Андрей Иванович писал жене редко и скупо. Знает она только, что ранен он был в ногу и контужен и лежал больше месяца в Смоленске, в госпитале. Собралась она тогда поехать к нему, телеграмму послала. Но он ответил ей коротко и строго: «Ерунда! На днях переведут, а куда — неизвестно».

Так и осталась капитанша при Ванюшиной могиле, ей одной и всю тревогу свою рассказала. Войне-то и конца не видно было. Анна Митрофановна и ждать уже перестала. А вот теперь едет Андрей Иванович, сам написал: «Встречай»!

Щурит глаза маленькая женщина, в десятый раз подходит к часам, сверяет их со своими, бабушкиными, луковкой…

— Пора бы уже… Не случилось ли чего? — шепчет Анна Митрофановна и думает: «У кого бы спросить?» Но из тумана доносится свист негромкий и жалобный, и капитанша торопливо шаркает галошами по мокрым доскам платформы. Достала черепаховый лорнетик, прижала к глазам.

«Господи, — думает она, — в толпе-то долго ли прозевать?..»

Из тумана показывается длинная черная змея, изгибается вправо, дрожит и фыркает и медленно подползает к платформе.

Хлопают дверцы вагонов. Торопливые шаги, смех. По платформе, скрипя и повизгивая, катятся багажные тележки. Анну Митрофановну толкают со всех сторон. Подобрав свой креповый вуаль, она перебегает от вагона к вагону, заглядывает в открытые окна, поднимает лорнетик на каждого военного… И, вдруг, радостно улыбается. На площадке вагона стоит Андрей Иванович и машет палкой. Глаза те же, знакомые, а все лицо другое, желтое, с длинной седой бородой, сразу и не признать.

Анна Митрофановна роняет зонтик, вскидывает руки на плечи мужа и прижимается лицом к жесткой солдатской шинели.

— Здравствуй! — говорит капитан. — Ну, ну… Поплачешь дома. Пойдем!

Высокий и прямой, он берет жену под руку и молча идет по платформе, слегка подволакивая больную ногу и мягко постукивая резиновым наконечником палки.

III

Василий Митрофанович Белоусов твердо решил отдохнуть от трудов праведных и пожить в свое удовольствие.

— Вот что, Маша, — сказал он жене, ворочаясь под ватным одеялом. — У нас за миллион перевалило. Слышишь? Я думаю: будет. С нас хватит и мальчишкам останется. Н-да, пора и пожить, как следует, как люди живут. Жизнь-то одна. Мне уже под пятьдесят, облез я что-то… Одышка донимает. И ты тоже того… Вот я и порешил: дела побоку, купить именье или дом построить, особнячок с садом. Понимаешь?

— Неужели миллион, Вася? — спросила Марья Николаевна и даже зажмурилась.

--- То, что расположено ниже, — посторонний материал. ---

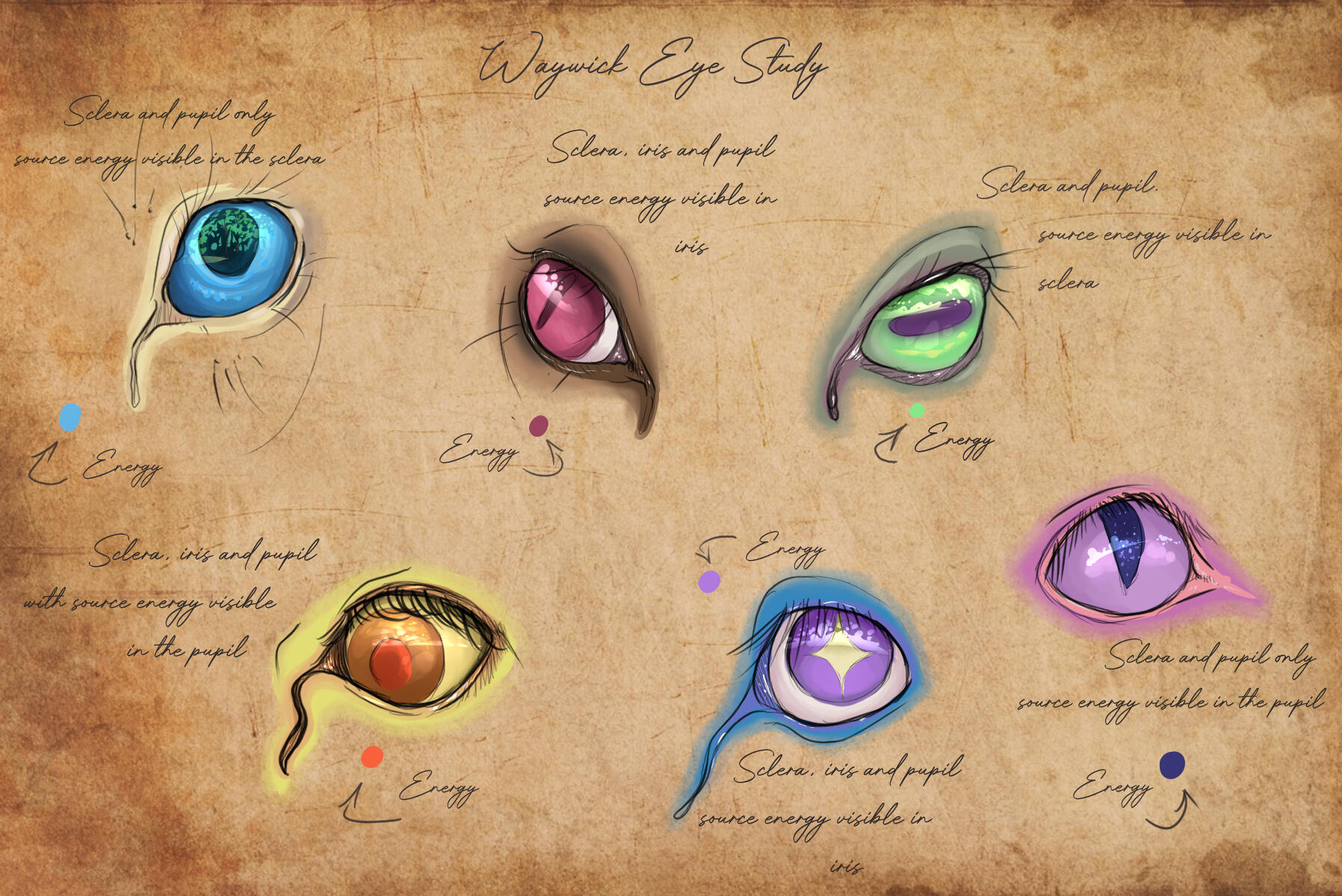Waywicks have a range of eye variations available to them, but one thing is always true: Their source energy is always visible somewhere in the eye. The energy color can be the sclera (the white part of a human eye), the iris (the color of a human eye) or the pupil (the black part of a human eye).There is no limitation to additional colors or pupil shapes for waywick eyes as long as the source energy rule is followed.
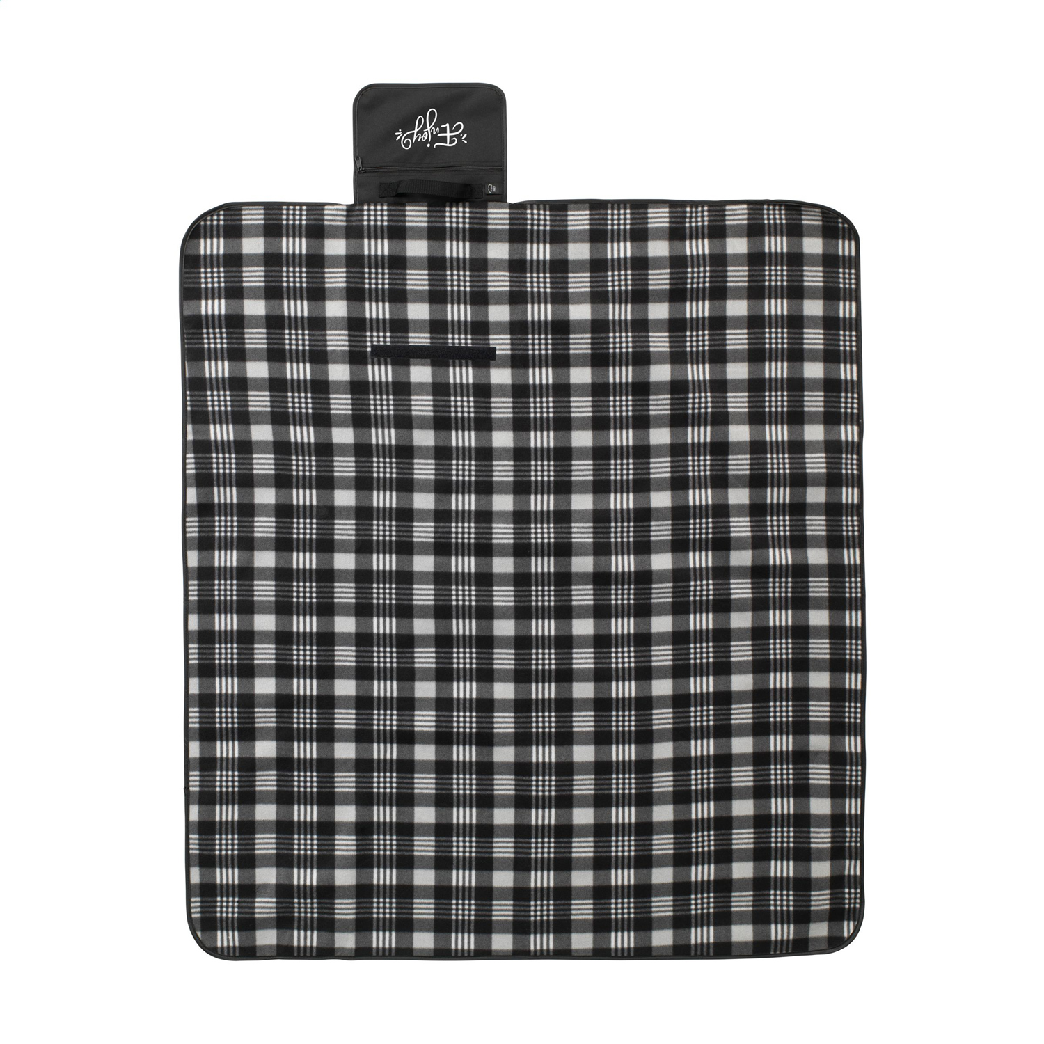 Picknickdecke mit Karomuster. Die Oberseite ist angenehm weich und besteht zu 100 % aus rPET (130 g/m²). Die Unterseite ist aus wasserabweisendem PEVA gefertigt und schützt vor Feuchtigkeit und Schmutz. Ausgestattet mit einer Reißverschlusstasche, einer Trageschlaufe und einem Klettband. Leicht zusammenzufalten und mitzunehmen. GRS-zertifiziert. Recyceltes Material insgesamt: 55%.
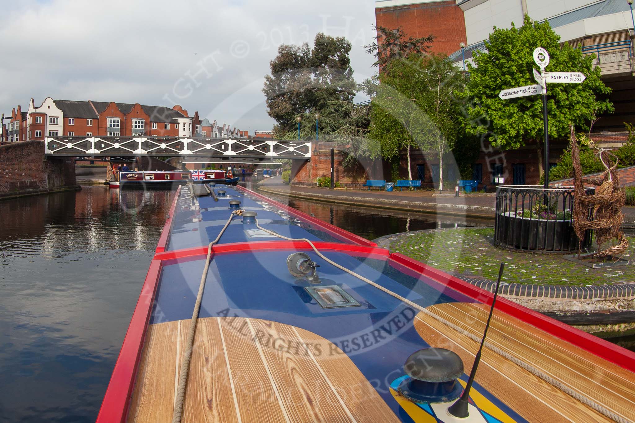 BCN Marathon Challenge 2013: NB "Firefly" turning, in front of NB "Felonious Mongoose", from Oozells Street Loop onto the Main Line at Old Turn Junction, minutes before the start of the BCN Marathon Challenge.. Birmingham Canal Navigation, United Kingdom, on 25 May 2013 at 07:56, image #27
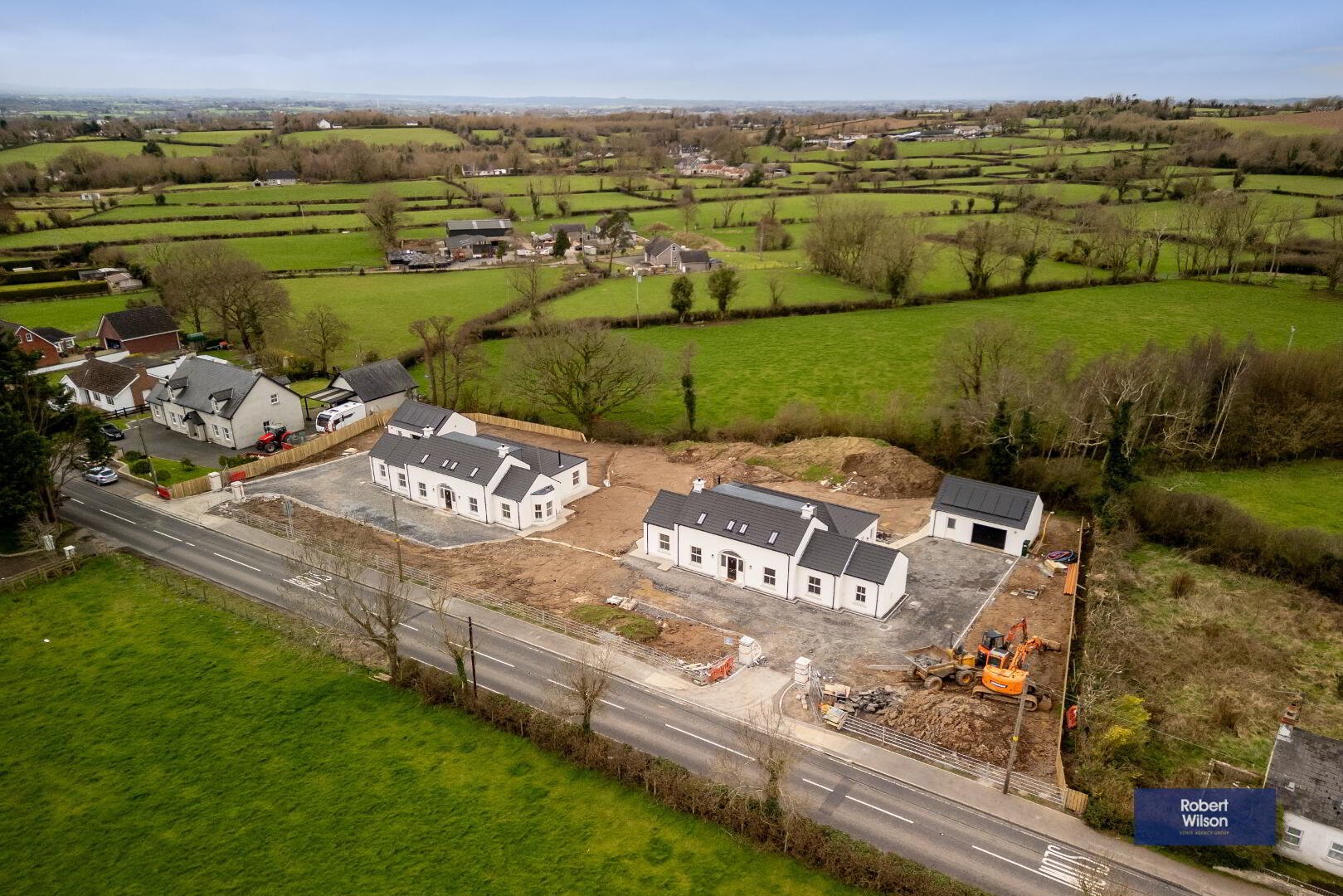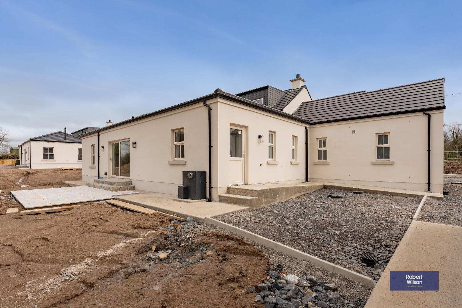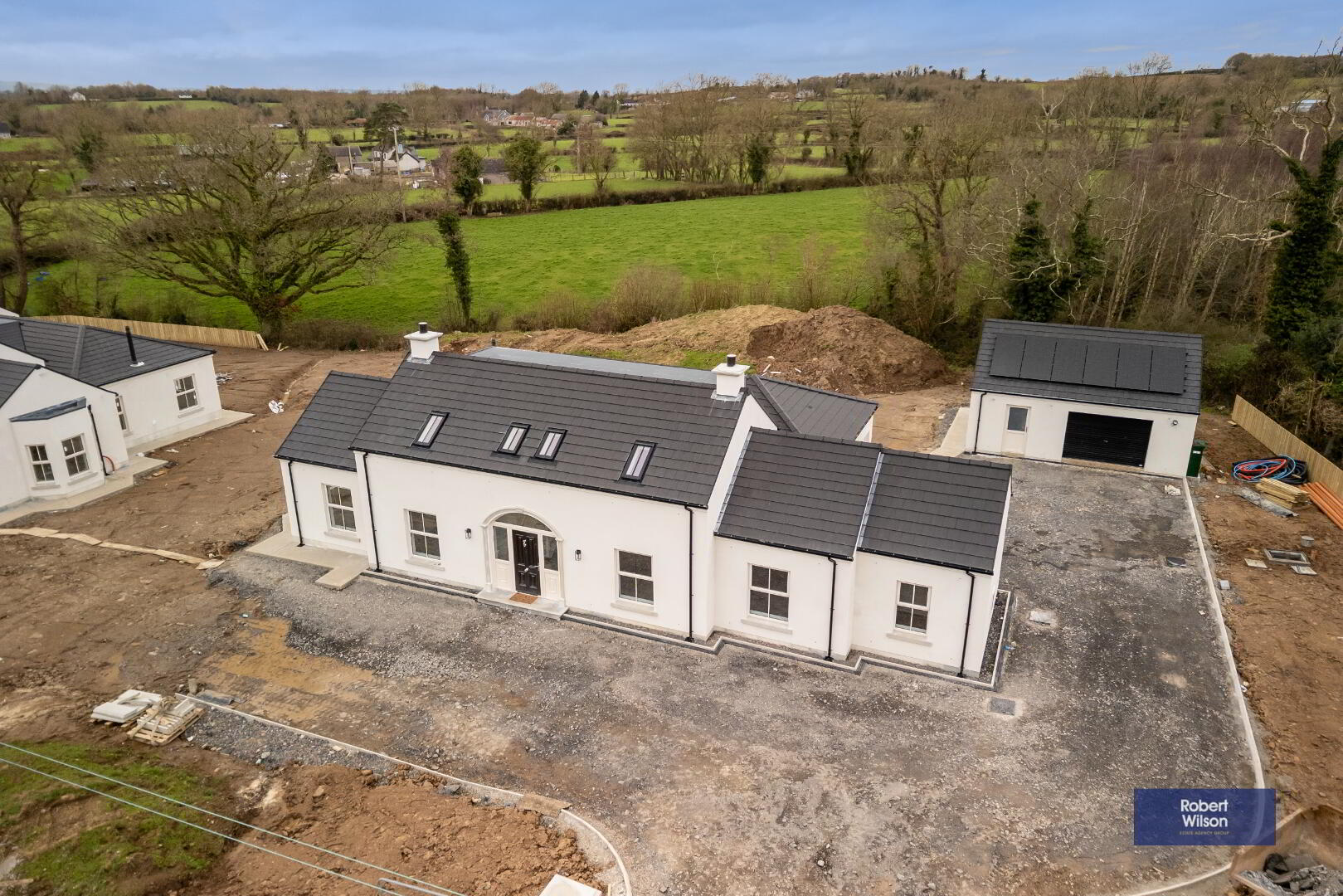Nestled in a beautiful semi-rural setting between Lurgan and Gilford, these two stunning new-build chalet-style bungalows offer spacious, modern living finished to an exceptional specification. Designed with both style and practicality in mind, the homes extend to generous five-bedroom accommodation and enjoy picturesque open countryside views to the rear. The heart of each home is the impressive open-plan living, kitchen and dining area, complete with a central island and a cosy multi-fuel stove—perfect for both everyday family life and entertaining. A separate living room provides additional relaxation space, while the ground floor also benefits from three well-proportioned bedrooms, a utility room, and a convenient downstairs WC. Upstairs, there are 2 double bedrooms, the luxurious master bedroom boasts a walk-in wardrobe and private ensuite. A stylish four-piece family bathroom completes the first floor accommodation. Externally, the properties are equally impressive, with landscaped gardens, a detached garage, and a disabled access ramp from the rear door to the garage. The front entrance features attractive pillars with electrical provision for automated gates should the new owners wish to install them. Cream double-glazed windows, composite front and rear doors, and oil-fired central heating complete these beautiful homes. Finished to a superb standard throughout, these properties truly offer a turnkey opportunity—simply move in and enjoy the space, comfort, and breath-taking countryside views. Ideal for first-time buyers, families seeking room to grow, or anyone looking for modern living in a peaceful yet convenient location. All floors are tiled or have wood effect Laminate fitted, white panelled wooden doors through-out with Hockey Stick architraves, seamless guttering & PVC downspouts....all for low maintenance living.

— С лишним, — подтвердил Белоусов. — Только болтать об этом не следует. От просителей разных отбою не будет, и родственнички твои пронюхают. А я теперь хочу спокойствия.

— Заскучаешь без конторы-то.

— Ничего. Хлопот-то на первых порах и без конторы не оберешься. Всю жизнь надо по-новому наладить.

Белоусов умолк. Марья Николаевна подошла к зеркалу и занялась бесчисленными папильотками.

— Вася, а автомобиль купишь?

— Все будет. Купить недолго, были бы деньги. Только людей бы не насмешить… Поначалу самих себя надо обфасонить. Ты вот, по-французски-то, поди уже ни словечка не помнишь?

— Пора и забыть. С кем мне было говорить-то? Я и книжки-то французской с самой гимназии в руках не держала.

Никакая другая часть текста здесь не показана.